3)причесать фаервольные правила.
4)Настройке QoS нет предела
Но конец уже близок, а идей нет. Помогайте.


Аватара пользователя
podarok66
Модератор
Сообщения: 4355
Зарегистрирован: 11 фев 2012, 18:49
Откуда: МО

Да все эти хотелки сугубо личное дело. Тут все фломастеры на вкус разные, уж поверьте. Ну например ваши хотелки в моём видении.
1. Ну на фиг, мне из запретных нужны может полтора десятка адресов. Обычные постоянные интересы типа библиотек, новостных сайтов и пары любимых сайтов типа абсурдопедии и лурки. Никаких обновлений не надо. Срочно нужный адресок могу добавить в список и руками.
2. и 3. VPN -бесспорно нужен, но вот всякие ipsec для дома - оверкилл. Обычный OpenVPN перекрывает 100% потребностей, не в пример легче в реализации и настройке (напомню, мы про личные предпочтения) и при падении переподключается сам без пинков. OVPN-cервер держу на VDS-ке, маршрутизация позволяет подключаться с телефона (андроид ovpn-клиент) к Микротику (ovpn-клиент) без проблем.
4. Это точно нужно?
5. Пользуюсь.
6. Логи в Zabbix на том же сервере в Амстердаме, что и OVPN
7. Мне проще подключится с телефона по OVPN и затем зайти на роутер через телефонный Winbox.
8. Настроен, но я давно уже не использую стандартный порт на ssh, авторизация только по ключу, более никакие сервисы наружу не торчат и попадается в ловушку кто-то очень редко.
9. Соответственно всё подключается по сертификатам, не вижу смысла настраивать fail2ban
10. Раньше настраивал, сейчас не вижу надобности. У меня редко утилизируется весь канал, если только дети начинают скачивать очередную игрушку. Но при 100 МБит полосы это не бывает долгой проблемой.

У меня дома 4 устройства Микротик собранные в локалку. Единственное, что я применяю на ТД- это 50 опция в DHCP-клиенте. В головном устройстве я почти всё описал, комментируя вас. Остается только добавить настроенный CAPsMAN, пару скриптов для отключения/включения интерфейсов локалки (детей выгнать на улицу удалённо порой можно только так), ну ещё туннель 6to4 туннельному брокеру ( мой провайдер не даёт IPv6) и несколько тоннелей sstp для контроля "союзных" Микротиков ( есть необходимось).
Вот и вся разница на данный момент. Всё остальное с годами выпилилось...


Мануалы изучил и нигде не ошибся? Фаервол отключил? Очереди погасил? Витая пара проверена? ... Тогда Netinstal'ом железку прошей и настрой ее заново. Что, все равно не фурычит? Тогда к нам. Если не подскажем, хоть посочувствуем...
xvo
Сообщения: 4204
Зарегистрирован: 25 фев 2018, 22:41
Откуда: Москва

podarok66 писал(а): 03 авг 2021, 21:04 Обычный OpenVPN перекрывает 100% потребностей
Обычный OpenVPN больно ресурсоёмок.
Связывать микротиковские роутеры между собой проще всего через GRE+IPSec или L2TP+IPSec.

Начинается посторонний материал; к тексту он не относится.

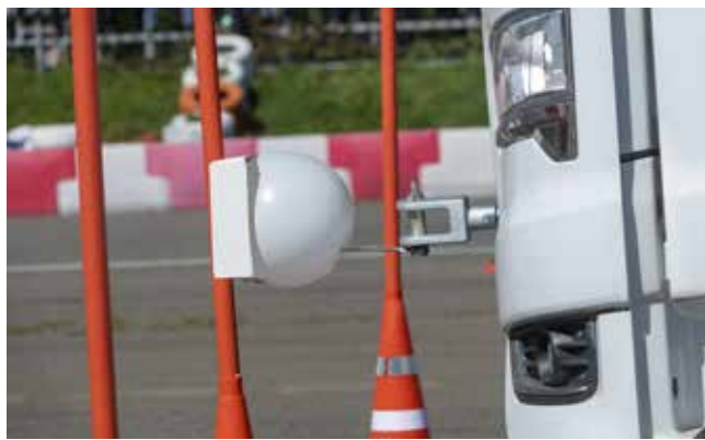
Проткнуть шарик — та ещё задачка: нужно хорошо прицелиться и стойку не уронить

А вот выход со смартфона/ноута из сотовой сети (или любого чужого wifi) через свой домашний инет лучше всего через wireguard - работает быстро, настраивается в два счета.
Можно использовать для этого и микротик, но пока wireguard только в бете, у меня для этого отдельная коробка с OpenWRT.
Реально очень удобно - один раз настроил исключения для своих сетей, откуда ходить напрямую, а через все остальные оно ходит автоматом.
Причем огромным плюсом является то, что протокол stateless - то есть никаких подключений/переподключений нет в принципе.
Lurker писал(а): 03 авг 2021, 13:30 Ситуация: вот, спустя год после покупки микротика я похоже настроил почти всё что хотел, теперь нужны идеи что ещё реализовать.
Главный вопрос - зачем?
Если есть какие-то задачи - да, их надо решать.
А если все задачи уже решены - значит надо наверное успокоиться и переключиться на что-то другое, нет? :-)


Telegram: @thexvo
Lurker
Сообщения: 159
Зарегистрирован: 29 апр 2021, 10:45

1. Так я не один дома. Я предпочёл сразу настроить универсальное решение, чем потом добавлять. И потом можно долго искать что не так, пока не поймёшь что один из нужных IP заблокирован... в первый раз у меня 3 дня на это ушло.
и ipsec на микротике шустрее всего работает. Я могу не беспокоится о том, что слишком много трафика в VPN летит.
2. Я надеялся получить встроенный клиент в винду... а когда он не завёлся, то ipsec-то уже был, зачем переделывать?
ну и с ipsec всё равно разобраться надо было. Потенциально хочу связать несколько квартир в VPN для более удобного файлообмена и старых игр по локалке.
4. Это чтобы провайдер не блочил сайты путём перехвата DNS запросов. Никто не перехватит мой DNS запрос, если я перехвачу его сам *картинка сметливого негра*
6. Я хочу уйти от серверов. даже в амстердаме routerOS поставить когда-нибудь. Ну просто чтобы не админить ещё их. Ну хреново я знаю linux и разбираться у меня желания нет. А сервер на винде как-то не вписывается в понятие настроил и забыл... да и за лицензию платить... я лучше облачную ROS куплю.
7.Сервис не только для меня. И да, мне проще в телеграм отправить.
8.9. У меня логируется весь дропнутый трафик за исключением явно заданного мусорного. И тут 2 варианта, либо засирать логи сканерами портов, или что там ломится регулярно? за 5 дней более 2000 ip в бане. Либо банить IP и не логировать трафик с забаненных IP.
10.Я хочу не беспокоится о повышении пинга в онлайн играх и хочу иметь возможность смотреть 4К видео и при этом не заморачиваться лимитами скорости на торрент.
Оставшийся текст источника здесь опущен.